As you play through the game and encounter different races and unlock different ships, you’ll find that each race also have different uses. Aside from humans, which are the standard race there a number of robotic, energy, insectoid and mineral based races that all provide significant advantages if used correctly, from double repair time to being fireproof to being hand to hand combat experts.

Speaking of hand to hand combat, if you’re lucky enough to chance upon any of the more battle ready crew members, you could invest in a teleporter, beaming your crew members aboard the enemy ship to take them down from the inside. This adds a completely new dynamic to play and makes the game something altogether different from what you were used to. Hell, you can even play non confrontational and boost the hell out of your shields and engines to make a quick get away whenever you run into trouble.

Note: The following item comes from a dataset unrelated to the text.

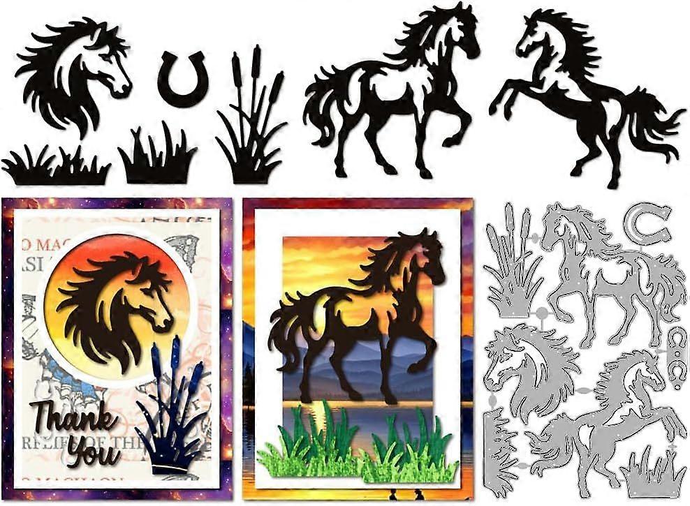 Horses Reeds Metal Cutting Dies Horse Heads Grass Die Cuts Plants Animals Embossing Cutting Stencil Carbon Steel Die Cutting for Card Making Scrapbook

Graphically, the game is quite simple. You’ll spend nearly all your play time in a top-down cross section view of your ship, and the same of enemy ships when you encounter them. Despite this, the game conveys the action well and while dogfights aren’t exactly dynamic graphically, but you’re not going to care when desperately trying to repair your shields before you’re blown out of space. Traditionally, these types of games are seen with ascii graphics anyway, so be happy with these polished space ant farms.

The game is a lot of fun and if the ‘one more game’ mentality can get its claws into you, hours of your life will vanish before you even realise you’ve grown a wicked beard. As you progress through the game numerous times and do the various side quests you can encounter you can unlock more types of ship with different starting weapons and crew, helping with the game’s last ability or getting you started on a particular strategy you enjoy.

If I had to levy any sort of criticisms on the game I’d say that the music is a bit lacking, half of the time it just blends into the background and I just stopped noticing it. I’s also like to see some kind of endless mode in the game, As the game does have a defined end, I don’t often get to see the potential my ship could reach given more time. The addition of a mode to continue through the galaxy until you get bored would be a lot of fun.

The game is available to download from FTLgame.com for the bargain price of $10, it’s available for both PC and Mac and can be played on any busted ass old machine. If you want to spend somewhere between a few hours and a few centuries on a fairly addictive game I’d really recommend it. It’s a great indie game that shows we don’t need ‘the man’ to help produce our games, we can pay from them all ourselves.